At various points in time, Soroca was affected by wars with Tartars, Cossacks, Poles and Russians. Between 1684 and 1699, under control of the Poles, changes in Soroca were made. A deep moat was dug; a well was dug in the courtyard. 14 stone casemates inside . Gradually over time, with more stable rule, the town and its region lost military importance.
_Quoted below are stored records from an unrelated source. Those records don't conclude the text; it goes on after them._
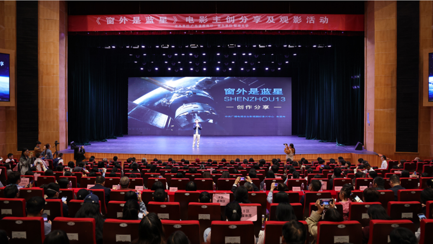 活动现场,暨南大学及暨南大学附属中学、附属小学1400余名学生共同观影,沉浸在《窗外是蓝星》的浩瀚星空。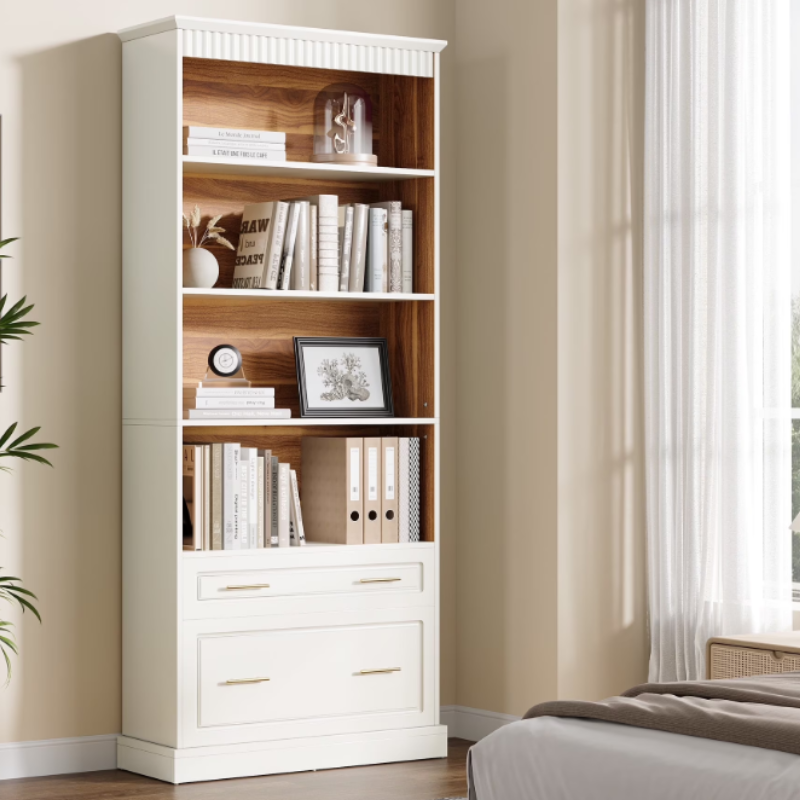 - Fnova 72" Tall Bookcases with File Cabinet Drawer, Freestanding Display Storage Shelves, 5-Shelf Open Bookshelf for Home Office Living Room Bedroom, White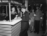 "Women at War Week." Bond sales. Mrs. Malvern Marks selling a bond to her husband as Lieutenant Herbert G. Mead of Camp Lee, Virginia, looks on. Mrs. Marks stands at a war bonds booth while Mr. Marks stands on the other side of the booth and signs off on a bond. Mr. Marks is wearing a dark, striped suit with a pair of eyeglasses and a brimmed hat while Mrs. Marks is wearing a long-sleeve dress. Lieutenant Mead stands at the side of Mrs. Marks, outside the booth, and looks on approvingly at the sale. To the side of the booth, other unnamed people look on.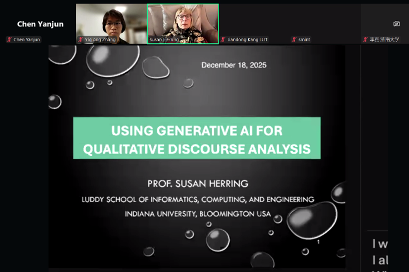 2025年12月19日上午,美国印第安纳大学伯明顿分校卢迪信息学、计算与工程学院的Susan C. Herring教授应我中心邀请在线举行学术讲座,分享其团队利用生成式人工智能展开质性语篇分析的前沿成果。Herring教授是数字语篇研究领域具有开创性影响的著名学者。早在20世纪90年代,她率先将语言学与计算机媒介交流研究相结合,系统提出并发展了计算机媒介语篇分析(Computer Mediated Discourse Analysis, CMDA)的理论框架与分析方法,为理解数字沟通中的语言形式、互动结构与社会意义奠定了基础。她的研究贯穿早期电子邮件、在线论坛到当代社交媒体的人际互动、图像化交流与人工智能等多种数字语境,对数字语篇研究、网络语言学及新媒体语篇研究产生了深远而持续的影响。本次讲座吸引了来自美国、英国、澳大利亚、新加坡、马来西亚、香港及国内三十多所高校400余名师生的参与。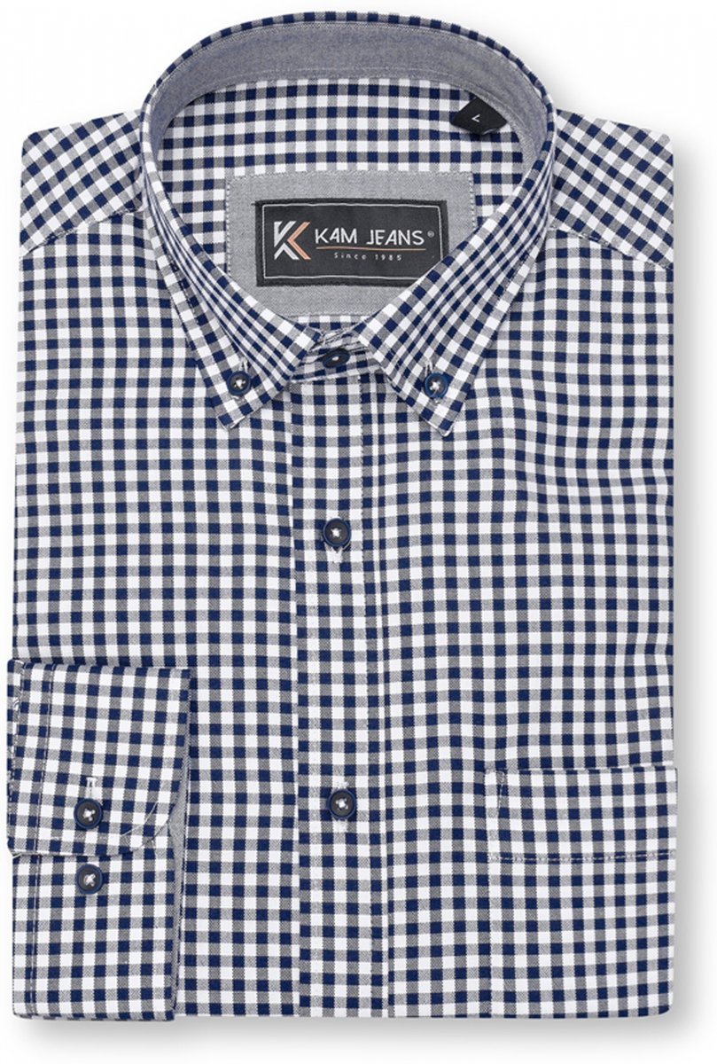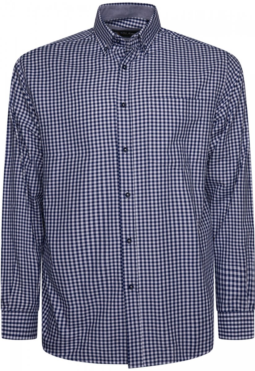 Koko-opas - Kam Jeans 6351 Classic Gingham Shirt Long Sleeve Navy

===Soroca in the 19th and 20th centuries===
In 1812, Soroca was occupied by Russia. The population became more varied as Russians, Ukrainians and Jews moved to the region. From 1849 to 1917 Soroca was governed as part of the Bessarabia region of the Russian Empire. In 1918, at the conclusion of World War I, Bessarabia was made part of Romania. Until 1944, Soroca remained the administrative centre for this Romanian region. In 1944, as World War II reached its end, Soroca became part of the MSSR. Moldova became an independent state in 1991. Since then Soroca has regained the status of an administrative region of Moldova.

==Natural history==

===Geography===
The main geographical feature of Soroca is the Nistru Plateau. The terrain is hilly with deep valleys, dales and ravines. Other features include a gently rolling plain to the north west and the Raut and Nistru rivers. The highest points in Soroca are Vadeni Hill at 347m and the Visoca Hill at 330m.

===Soil===
The soil is grey or brown to the height of the Nistru prominence. In other areas, the soils are humic-calcareous, chernozem, alluvial soils or swampy. There are active processes of erosion, karst, torrents of mud and sometimes, landslides in the Soroca district.

===Climate===
The climate in Soroca is temperate-continental. Winter is usually mild and short with an average temperature of −5 to -6 C. Summer is long and warm with an average temperature of 20 to 21 C. The average annual rainfall is 485 mm. Soroca has a suitable climate for farming cereals, sugar beet, tobacco and also for horticulture.

===Fauna===
Fauna in the district is typical of steppe areas. In the Nistru basin there are 68 species of fish. Most of Moldova's 270 bird species are present. There is both natural and introduced wildlife. The introduced species include 19 types of mammal, 37 bird species and 7 types of reptile. Native creatures include foxes, hedgehogs, stone marten, deer, wild boar, raccoon dog and wolf.

===Flora===
7 percent of the district is forested. Common trees include oak, hornbeam, maple, linden, ash and elm. Beneath the trees are hawthorn, hazel, cocksfoot, honey bear and others.

===Natural resources===
Granite can be found in Cosăuți and building stone at Oclanda, Vărăncău, and Visoca. Cretaceous limestone and iron ores were discovered near the village of Vărăncău. Limestone, for instance in Visoca, is mined for chalk and chalk dust (which is used to make paint). Banks of chalk are also found throughout the Nistru, including in Cremenciug, Soroca, Vasilcău, Vărăncău, and Cerlina. The limestone is extracted in Visoca.

===Protected areas===
- Baxani forest
- Cosauti landscape reserve
- Hill "Casca" from Cremenciug
- Nistru threshold from Cosauti
- Reef mounds near Visoca
- Rudi-Arionesti landscape reserve

===Rivers===
The Nistru river creates 93 km of the eastern boundary of Soroca. The barrier of the Nistru plateau means the tributaries are short (15 to 25 km). Water from the Nistru river is used for irrigation, public supply and industry. Reservoirs have been constructed to meet public demand. There are also 64 natural reservoirs.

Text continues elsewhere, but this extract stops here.